PI: Corey Harper

Co-PI(s): N/A

University: Carnegie Mellon University

Industry partner: Healthy Ride

Transportation is a basic social and economic need, but most trips are done by car, which may not be environmentally sustainable with growing urban populations. Bike share systems have been deployed in many cities around the world and provide residents with a low-cost alternative to replace short car trips (i.e., trips within 3 miles). A key to success for shared bike systems is the effectiveness of rebalancing operations- or moving bikes from one location to another to increase utilization. However, these new services are still under development and accurately predicting demand remains an issue.
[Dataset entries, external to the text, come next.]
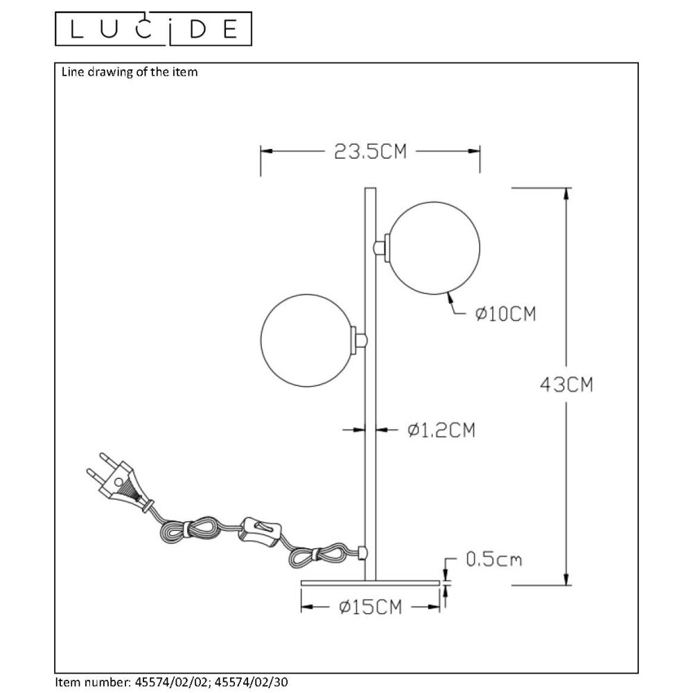 Lucide TYCHO Tafellamp Zwart, 2-lichts
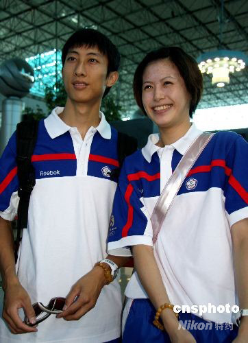 圖為雅典奧運(yùn)冠軍朱木炎及其女友楊淑君行前在桃園機(jī)場。
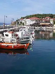 En los meses de verano un servicio regular de ferry une la isla con el puerto de Mitikas en el continente.
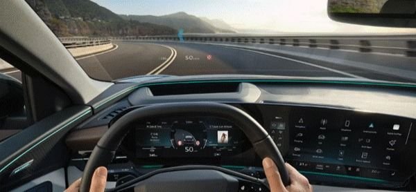 Ele utiliza realidade aumentada para posicionar elementos visuais diretamente na linha de visão do motorista, criando a sensação de que dados digitais estão integrados ao ambiente externo.
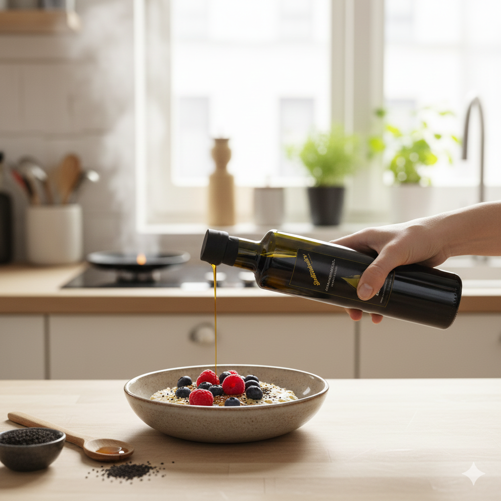 Zwei Produkte, die viele bewusst in ihre Routine integrieren: natürliche Süße aus Medjool Datteln plus kräftiges, ungefiltertes Schwarzkümmelöl aus Ägypten.
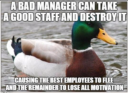 I know you don't really care for me and my opinions, even though in the midst of a previous discussion, I said you were one of the few GOOD managers that company had. It doesn't surprise me that they'd replace you, they don't LIKE good managers, who train the staff to care about the customer like you were doing.
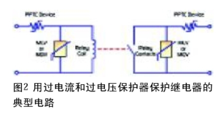 圖2是保護繼電器的一種典型電路。PPTC保護器是是與繼電器繞組串聯著,在出現故障或者發生意外的過載時,它限制繼電器中流過的電流。這個圖中,還有一個 PPTC保護器與繼電器的觸點串聯著,它起的作用與保護繼電器繞組是一樣的。在選擇PPTC保護器時,很重要一點是它的額定電壓要等于或高于預期的最高電壓。還要求保護器的保持電流必須等于或大于正常運作時的最大穩定狀態電流。此外,還要考慮到最高環境溫度,這是因為隨著環境溫度上升,保持電流下降。

The goals of this PITA proposal are to build a deployable model that: 1) mines and translates tweets into information useful for predicting bike share demand 2) incorporates Twitter messages and other relevant features into a machine learning tool to improve bike share demand prediction, and 3) conducts a proof-of-concept analysis and develops preliminary results to win an NSF Civil Infrastructure Systems proposal. This model will be developed in collaboration with Healthy Ride to assist them in making more informed rebalancing decisions, which will lead to improved economic viability by increasing overall system utilization and customer satisfaction in Pittsburgh, PA. This research is important and timely as cities look to reduce emissions and make the shift toward shared modes of transportation.